So on text fields, there is no aggregation. Right. So he has just used the numeric values to create aggregations, right. So you can see that on the on the product on the year, right, so it has used aggregations everywhere. So he has put aggregations everywhere. Okay, good.

What I will do is, you know, at this moment, I'm not really interested to do aggregations on the age, right, so I can go and check all these. Right? I'm not interested to do on the country ID. So basically those dimension values where you see I'm not interested to do aggregations, right. And you can happily go and delete aggregations from here as well. So you can go here and delete this aggregation.
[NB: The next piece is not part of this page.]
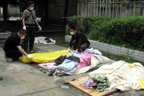 2008年5月16日,四川都江堰市蒲陽路附近一個(gè)小區(qū),死者家屬在肅穆氣氛中為死者準(zhǔn)備出殯事宜,死亡者未能避開5月12日中國汶川大地這場(chǎng)劫難,其遺體剛從地震廢墟中刨出。中新社發(fā) 鄒憲 攝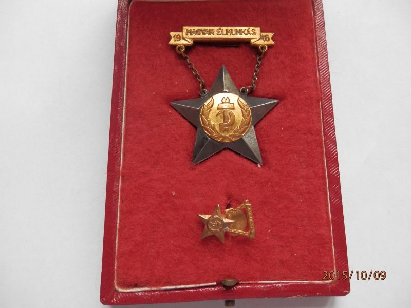 Ha jól tudom ennek a kitüntető jelvénynek volt egy olyan (későbbi) változata is, melyen egy alak látható. Meg tudja valaki osztani? Előre is köszönöm!

Can See, I'm selecting very quickly. I can go and delete. Why do you think 15 so you have the ability to go and delete the aggregation from here, okay, you have to go and expand his properties and you can see this correction corrected symbol, you can right click and say delete. So you can go as well and delete some of these aggregations which are unnecessary. Remember that unnecessary aggregations have come up because I selected default. So if you control that aggregation usage, you know, you won't see these kind of unnecessary aggregation.

So we'll do that in the next phase. So let me at this moment you know, go and just build this aggregation what I've got here, so I'm going to go and do my cube. Right, yes. Slow. So basically, I've used the default mode, and I have created the aggregations. And now let us go and fire or XML a query.

And let's see that what difference do we see in our SQL Server profiler? Right? So I'm gonna go first thing and clear the cache because if it is reading from the cache, then I won't see any aggregations. I wouldn't know from where he's reading the data right. Now, let us go back here. Let's clear clear everything and let us go and execute this MDX query.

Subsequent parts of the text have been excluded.